Task description:
Copy, word for word, the opening line of the data and each line after it until the line that contains "盛夏时节,内蒙古东乌珠穆沁旗", which is included. Leave the pictures out.

Data extract:
=-=-=-=-=

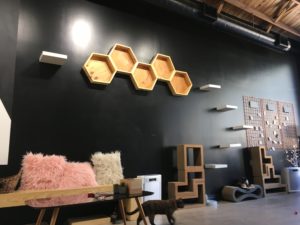 The interior is simple with just a concrete floor but one that is adorned with scratching posts, cat beds and cat trees. The walls are lined with special shelving units that double as steps for a cat to get an aerial view of the place, which offers different levels for customers to play with the cats.
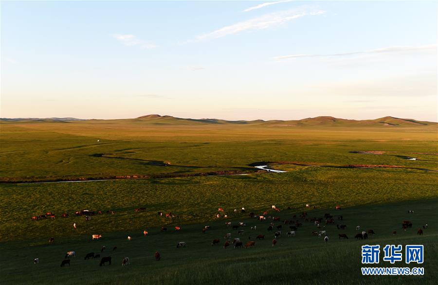 盛夏时节,内蒙古东乌珠穆沁旗草原成为碧绿的海洋,弯弯曲曲的乃林河流淌其间,牛羊星星点点散落在河边,美如画卷。
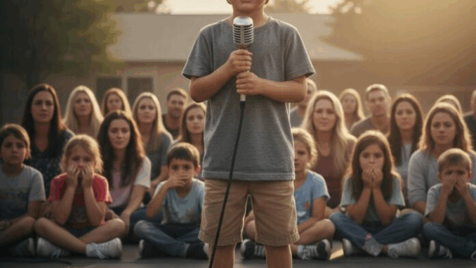 O microfone parecia pesado nas pequenas mãos de Marcus, mas o peso não era medo — era responsabilidade. Ele olhou para os sapatos surrados em seus pés, aqueles com cadarços desfiados e buracos perto dos dedos. Seu peito apertou, mas então ele se lembrou da voz de seu pai: “Seja corajoso, filho.”

=-=-=-=-=

Written answer:
 The interior is simple with just a concrete floor but one that is adorned with scratching posts, cat beds and cat trees. The walls are lined with special shelving units that double as steps for a cat to get an aerial view of the place, which offers different levels for customers to play with the cats.
 盛夏时节,内蒙古东乌珠穆沁旗草原成为碧绿的海洋,弯弯曲曲的乃林河流淌其间,牛羊星星点点散落在河边,美如画卷。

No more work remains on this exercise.